There’s certainly a lot more to this that I couldn’t possibly put into words. Recovery has certainly been a b**** in some moments, but that doesn’t even matter. It’s also been beautiful. My mind is a bit fractured, but I don’t care. I still don’t have full feeling back in my left leg—but that’s not important anymore. All of my birth plans went out the window—but even that doesn’t matter. Even the day-to-day

“grind” that has consumed the greater part of my life for the past 2 years, struggling financially, trying to figure out how to survive—even THAT doesn’t matter. It’s tremendous how perspective changes everything. This sweet boy is alive and that means everything to me. God gave me his name many months ago—Sanji—and I’d never heard it before. It means “one who is always victorious”. The only thing that matters to me now is to continue to surrender, to dedicate my life to this newfound understanding. I don’t know how that translates but I know it’s what has to happen. I’ve experienced god, and god is so much beyond comprehension. It has to be experienced. The ideas and concepts we are taught do not even come close.

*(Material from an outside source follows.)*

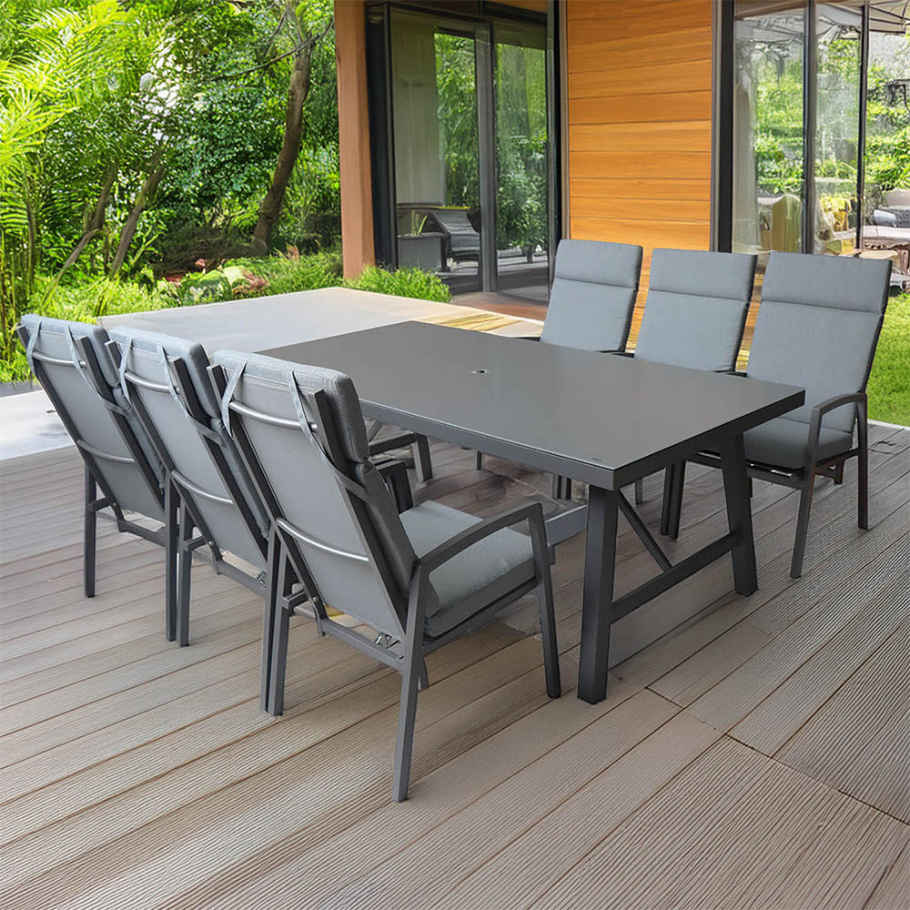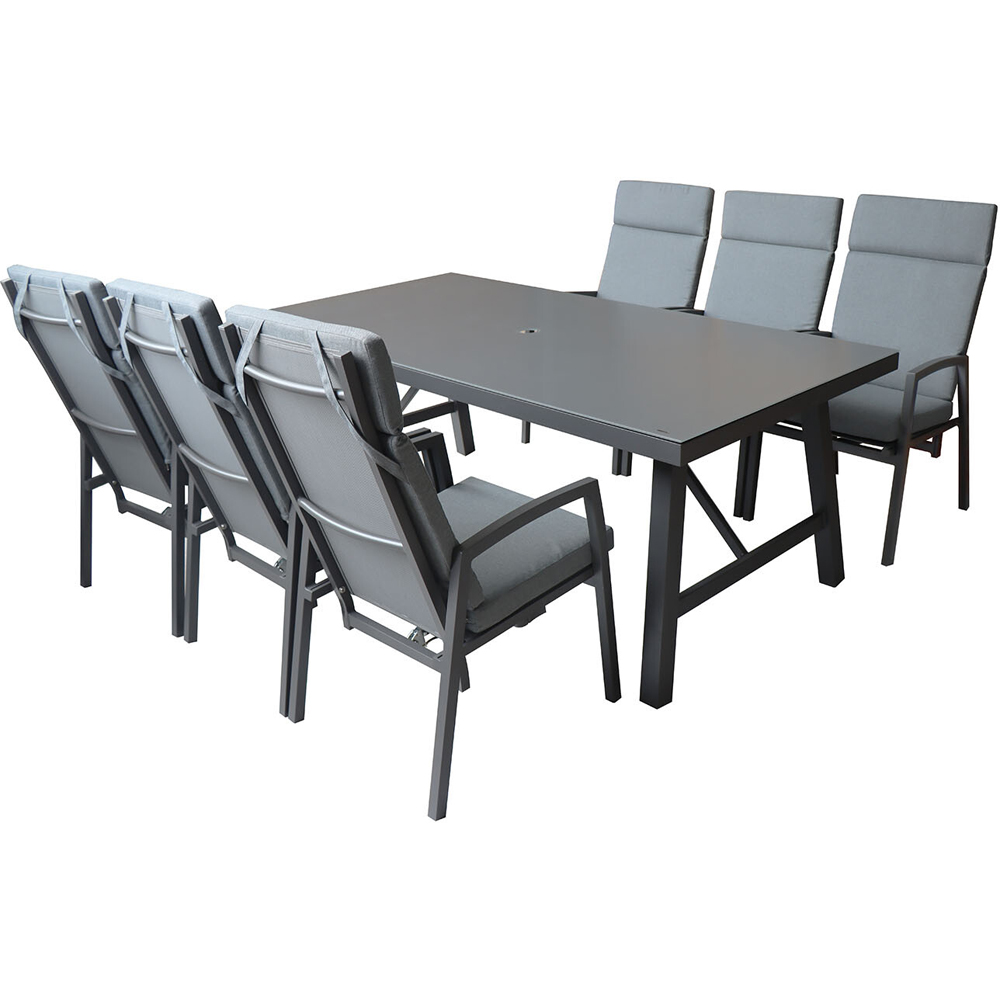 The Stowbridge 7 Piece Piston Dining Set is the ideal choice for family gatherings, BBQs, or outdoor dining in style. Featuring a durable aluminium frame with a powder-coated finish, this set is rust-resistant and built to last. Designed for up to six people, it's perfect for everyday meals or special occasions. The tempered glass tabletop offers high strength and enhanced longevity. The chairs are equipped with adjustable air cylinders, allowing you to customise your comfort to suit your preferences. They can serve as dining chairs or recline for a more relaxed seating option. Sturdy and built to endure, this dining set creates a stunning focal point that will undoubtedly impress your guests.
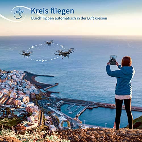 Die verstellbare Full HD Kamera der Drohne macht ordentliche Aufnahmen, auch wenn die Videos aufgrund des fehlenden Gimbals stets etwas verwackelt sein werden. Die Drohne beherrscht 360°-Überschläge, verfügt über eine Sprach- und Gestensteuerung und ist dank Propellerschützern unter Aufsicht auch für Kinder ab ca. 10 Jahren zu empfehlen.

I also learned this: I planned my a** away for 9 months. All the while, I felt like I was fighting a brick wall trying to get things to go “my way”. That brick wall was the guiding force of god directing things exactly how they were supposed to unfold. It was ME that was getting in the way the entire time. Sanji wouldn’t have survived a natural birth. I might not have, either. In the end, I don’t even care that my own “wants” didn’t work out—none of it was even important! I can see now that everything was already taken care of. Sometimes we ask god for help, usually how *we* want it to play out, but then when we see the miracle or the answer coming, we don’t recognize it as a miracle but look at it as the thing we fear the most—then we beg god to take the miracle away from us! But. If we just completely surrender, all is already taken care of.


There is always a divine motion in progress. Trust it.